Via postman the call works well because we can disable the https certificates. Is there any way to add those certificates to the environment of a Cloud Function? or forego them completely?

Answer 1

According to the documentation, you can write files to the Cloud Functions in-memory filesystem (excluding the directories where your source files are located).

As shown in this other thread, one way to add files for use in the Cloud Function (like the kubeconfig file) would be to import them from Cloud Storage.

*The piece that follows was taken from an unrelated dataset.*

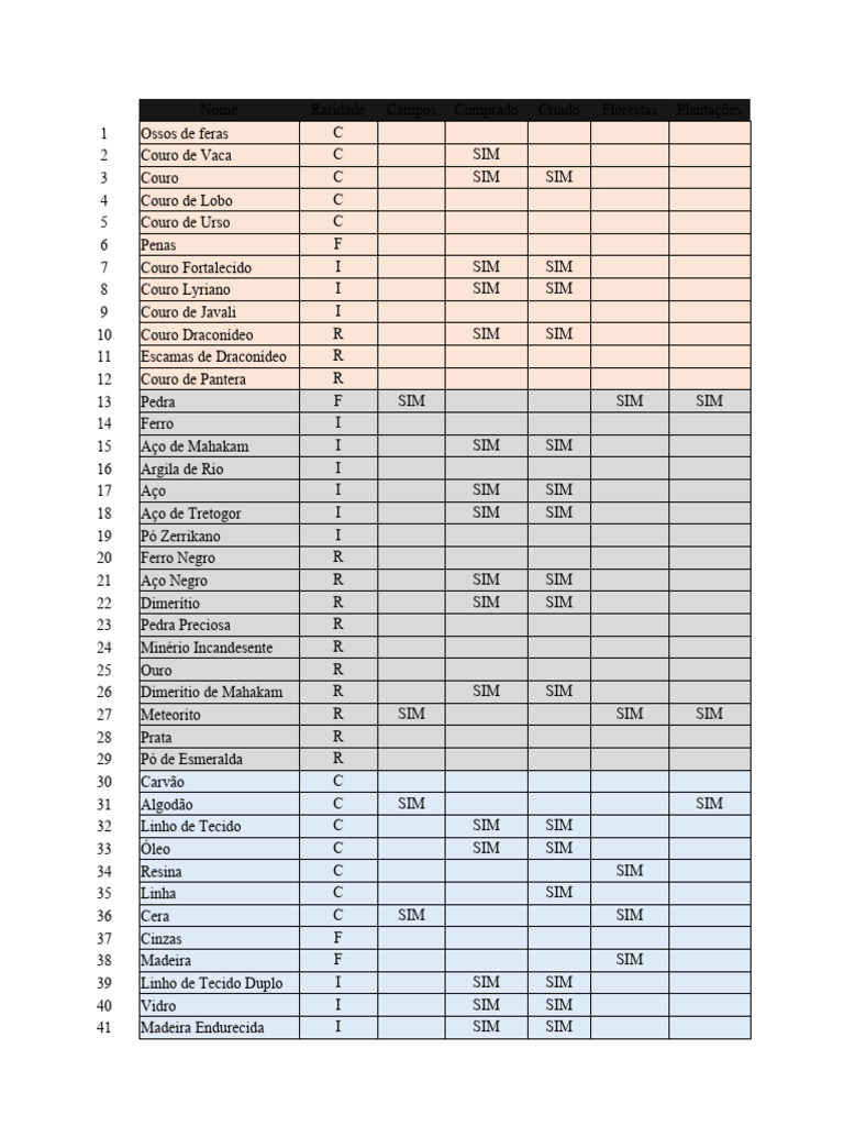 Nome Raridade Campos Comprado Criado Florestas Plantações

For example, if you'd like to save files to the temporary directory, you could use this snippet:

    //Creates GCS Client
    Storage storage = StorageOptions.newBuilder().setProjectId(projectId).build().getService();

    //Fetches GCS object
    Blob blob = storage.get(BlobId.of(bucketName, objectName));
    //Stores object at temp directory
    blob.downloadTo(Paths.get(System.getProperty("java.io.tmpdir") + "/config"));
    ...

I would, however, recommend not using Cloud Functions for the purpose of accessing the Kubernetes API, due to its inflexibility in configuring the environment. You should instead use Cloud Run, so you can configure the application and its container to not run into additional problems.